バーテンダー「ゲーム業界がどうなるかはあなたたち次第です。あなたたち開発者が誇りを持って素晴らしい作品を作り続ければ、ゲームは廃れない。まだまだゲームにはあらゆる可能性があるわ。その可能性を広げ続けていけば…この未来だって変わるはず。私だってずっとゲームを作り続けていられたかもしれないわね」
寂しそうに言う彼女の顔に、なんだか僕は見覚えがあるような気がしました。
小高「あの…あなたはいったい誰なのですか? 僕はあなたと会ったことがありますか?」
バーテンダー「一つだけ教えるとしたら…未来の整形技術はすごいのよ」

そこで、僕はようやく気がつきました。
いや、そもそも下着のサイズがぴったりだった時点で気付くべきでした。
そして、彼女が古いファミコンやレトロゲームが好きで、『クレイジータクシー』が得意だと言った時点から。

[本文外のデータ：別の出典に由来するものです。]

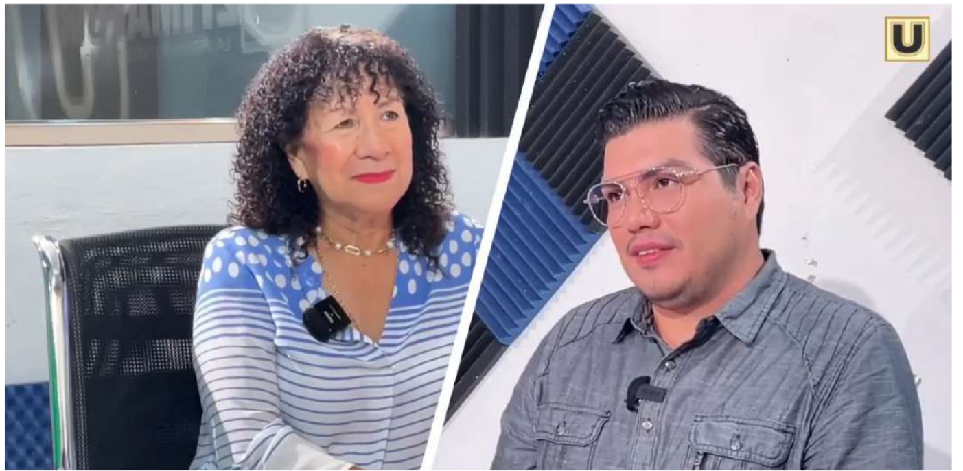
La investigadora compartió su mensaje a las mujeres jóvenes que sueñan con la ciencia y temen no poder compaginar vida profesional y familiar.

Su historia comienza en la UNAM, donde cursó licenciatura, maestría y doctorado, y donde permaneció como profesora investigadora en la Facultad de Ciencias durante aproximadamente doce años. Desde entonces, su pasión por las ciencias de la tierra estuvo orientada por una pregunta concreta: ¿qué pasaría si regresaba a Chiapas a construir lo que no existía? La respuesta tardó años en materializarse, pero el punto de partida fue la erupción del volcán Chichón en 1982, un desastre que dejó más de dos mil víctimas sepultadas en comunidades indígenas que no hablaban español y que evidenció la ausencia total de monitoreo científico en una entidad con dos volcanes activos y una actividad sísmica permanente.

そう、そのバーテンダーさんは10年後の僕自身だったのです!

ゲーム業界を辞めて女性バーテンダーに転身したという、未来の小高和剛だったのです!

バーテンダー「あなたには…私のように諦めて欲しくない。だから…未来を変えて。あなたがゲーム業界に飛び込んだ時の気持ちを、いまこそ思い出すのよ」
小高「あ、あなたが本当に未来の僕なら…最後に教えてください! 僕はこの後どんな作品を作れば良いんですか!? 何が正解なんですか!?」
すると、彼女は言いました。
バーテンダー「正解なんてないわよ。だからゲーム作りは面白いんじゃない」
彼女はふっと微笑みました。
それはどこか儚げで…けれど満足げな笑みでした。

その笑顔を見た直後、僕は気を失いました。

その後、現代に戻って来た僕は決意を固め直しました。

そうだ!
僕は自分が作りたいゲームを作るだけだ!
深く心に刺さるようなゲームを作ってみせる!
僕は今まで通りに自分の道を突き進んでやる!

そんな決意とともに、未来の自分から授かった勝負下着を着用した僕は、再び戦場へと戻っていきました。